Signed-off-by: David S. Miller <davem@davemloft.net>

2 files changed, 12 insertions, 4 deletions

diff --git a/net/ipv6/esp6.c b/net/ipv6/esp6.c
index 31f1b5d5e2ef..7c07ce36aae2 100644
--- a/net/ipv6/esp6.c
+++ b/net/ipv6/esp6.c
@@ -248,7 +248,8 @@ static int esp6_output(struct xfrm_state *x, struct sk_buff *skb)

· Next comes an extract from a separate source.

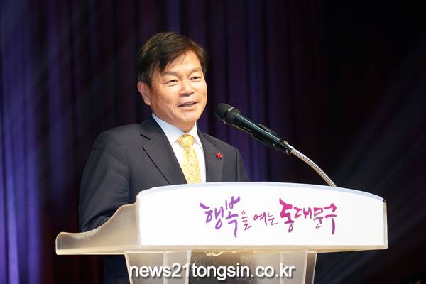 ▲ 사진=이필형 동대문구청장이 2022년 장애인재활증진대회에서 축사를 하고 있다.동대문구(구청장 이필형)가 장애인의 친목 도모와 자활자립 의지 고취를 위해 15일 오후 1시 30분 동대문구청 2층 다목적강당에서 장애인재활증진대회를 개최했다.

         aead_givcrypt_set_crypt(req, sg, sg, clen, iv);
         aead_givcrypt_set_assoc(req, asg, assoclen);
         aead_givcrypt_set_giv(req, esph->enc_data,
-                              XFRM_SKB_CB(skb)->seq.output.low);
+                              XFRM_SKB_CB(skb)->seq.output.low +
+                              ((u64)XFRM_SKB_CB(skb)->seq.output.hi << 32));
 
         ESP_SKB_CB(skb)->tmp = tmp;
         err = crypto_aead_givencrypt(req);
diff --git a/net/ipv6/ip6_vti.c b/net/ipv6/ip6_vti.c
index ed9d681207fa..ff3bd863fa03 100644
--- a/net/ipv6/ip6_vti.c
+++ b/net/ipv6/ip6_vti.c
@@ -322,7 +322,6 @@ static int vti6_rcv(struct sk_buff *skb)
                 }
 
                 XFRM_TUNNEL_SKB_CB(skb)->tunnel.ip6 = t;
-                skb->mark = be32_to_cpu(t->parms.i_key);
 
                 rcu_read_unlock();
 
@@ -342,6 +341,8 @@ static int vti6_rcv_cb(struct sk_buff *skb, int err)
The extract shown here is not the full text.